Feb 04, 1996 04:18 PM
by liesel f. deutsch


Thank you, Nicholas, for that very detailed explanation. Is the whole thing
a quote from Judge, or only a part of it? I couldn't quite make that out. In
any case, I think it's very much to the point.
Liesel
 Member TI,
Member, HR, 5thRR

>    HOW SHOULD WE TREAT OTHERS?
>
>         The subject relates to our conduct toward and treatment of
>    our fellows, including in that term all people with whom we have
>    any dealings. No particular mode of treatment is given by
>    Theosophy. It simply lays down the law that governs us in all our
>    acts, and declares the consequences of those acts. It is for us
>    to follow the line of action which shall result first in harmony
>    now and forever, and second, in the reduction of the general sum
>    of hate and opposition in thought or act which now darkens the
>    world.
>
>         The great law which Theosophy first speaks of is the law of
>    karma, and this is the one which must be held in view in
>    considering the question. Karma is called by some the "law of
>    ethical causation," but it is also the law of action and
>    reaction; and in all departments of nature the reaction is equal
>    to the action, and sometimes the reaction from the unseen but
>    permanent world seems to be much greater than the physical act or
>    word would appear to warrant on the physical plane. This is
>    because the hidden force on the unseen plane was just as strong
>    and powerful as the reaction is seen by us to be. The ordinary
>    view takes in but half of the facts in any such case and judges
>    wholly by superficial observation.
>
>         If we look at the subject only from the point of view of the
>    person who knows not of Theosophy and of the nature of man, nor
>    of the forces Theosophy knows to be operating all the time, then
>    the reply to the question will be just the same as the everyday
>    man makes. That is, that he has certain rights he must and will
>    and ought to protect; that he has property he will and may keep
>    and use any way he pleases; and if a man injure him he ought to
>    and will resent it; that if he is insulted by word or deed he
>    will at once fly not only to administer punishment on the
>    offender, but also try to reform, to admonish, and very often to
>    give that offender up to the arm of the law; that if he knows of
>    a criminal he will denounce him to the police and see that he has
>    meted out to him the punishment provided by the law of man. Thus
>    in everything he will proceed as is the custom and as is thought
>    to be the right way by those who live under the Mosaic
>    retaliatory law.
>
>         But if we are to inquire into the subject as Theosophists,
>    and as Theosophists who know certain laws and who insist on the
>    absolute sway of karma, and as people who know what the real
>    constitution of man is, then the whole matter takes on, or ought
>    to take on, a wholly different aspect.
>
>         The untheosophical view is based on separation, the
>    Theosophical upon unity absolute and actual. Of course if
>    Theosophists talk of unity but as a dream or a mere metaphysical
>    thing, then they will cease to be Theosophists, and be mere
>    professors, as the Christian world is today, of a code not
>    followed. If we are separate one from the other the world is
>    right and resistance is a duty, and the failure to condemn those
>    who offend is a distinct breach of propriety, of law, and of duty.

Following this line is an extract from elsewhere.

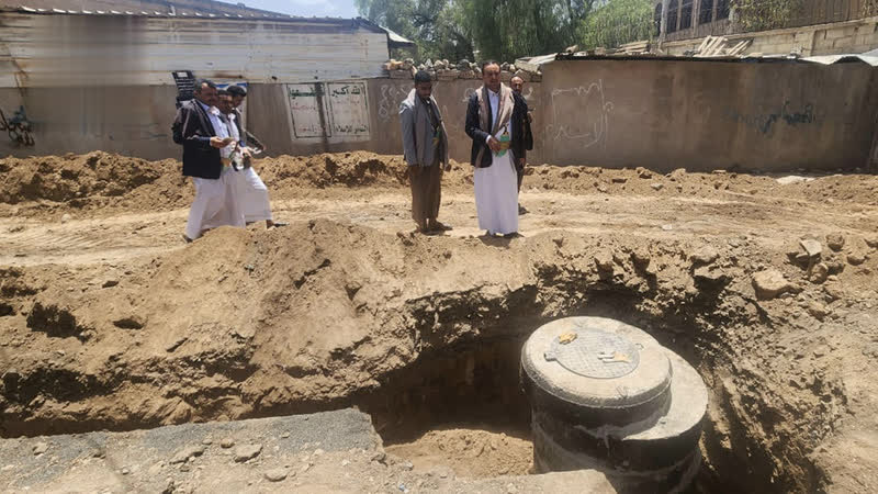 تفقد أمين العاصمة الدكتور حمود عباد، اليوم، سير العمل في مشروع شبكة الصرف الصحي لحي النهضة بمديرية الثورة.

>    But if we are all united as a physical and psychical fact, then
>    the act of condemning, the fact of resistance, the insistance
>    upon rights on all occasions -- all of which means the entire
>    lack of charity and mercy -- will bring consequences as certain
>    as the rising of the sun tomorrow.
>
>         What are those consequences, and why are they?
>
>         They are simply this, that the real man, the entity, the
>    thinker, will react back on you just exactly in proportion to the
>    way you act to him, and this reaction will be in another life, if
>    not now, and even if now felt will still return in the next life.
>
>         The fact that the person whom you condemn, or oppose, or
>    judge seems now in this life to deserve it for his acts in this
>    life, does not alter the other fact that his nature will react
>    against you when the time comes. The reaction is a law not
>    subject to nor altered by any sentiment on your part. He may have,
>    truly, offended you and even hurt you, and done that which in the
>    eye of man is blameworthy, but all this does not have anything to
>    do with the dynamic fact that if you arouse his enmity by your
>    condemnation or judgment there will be a reaction on you, and
>    consequently on the whole of society in any century when the
>    reaction takes place. This is the law and the fact as given by
>    the Adepts, as told by all sages, as re-ported by those who have
>    seen the inner side of nature, as taught by our philosophy and
>    easily provable by anyone who will take the trouble to examine
>    carefully. Logic and small facts of one day or one life, or
>    arguments on lines laid down by men of the world who do not know
>    the real power and place of thought nor the real nature of man
>    cannot sweep this away. After all argument and all logic it will
>    remain. The logic used against it is always lacking in certain
>    premises based on facts, and while seeming to be good logic,
>    because the missing facts are unknown to the logician, it is
>    false logic. Hence an appeal to logic that ignores facts which we
>    know are certain is of no use in this inquiry. And the ordinary
>    argument always uses a number of assumptions which are destroyed
>    by the actual inner facts about thought, about karma, about the
>    reaction by the inner man.
>
>         The Master "K.H.," once writing to Mr. Sinnett in the Occult
>    World, and speaking for his whole order and not for himself only,
>    distinctly wrote that the man who goes to denounce a criminal or
>    an offender works not with nature and harmony but against both,
>    and that such act tends to destruction instead of construction.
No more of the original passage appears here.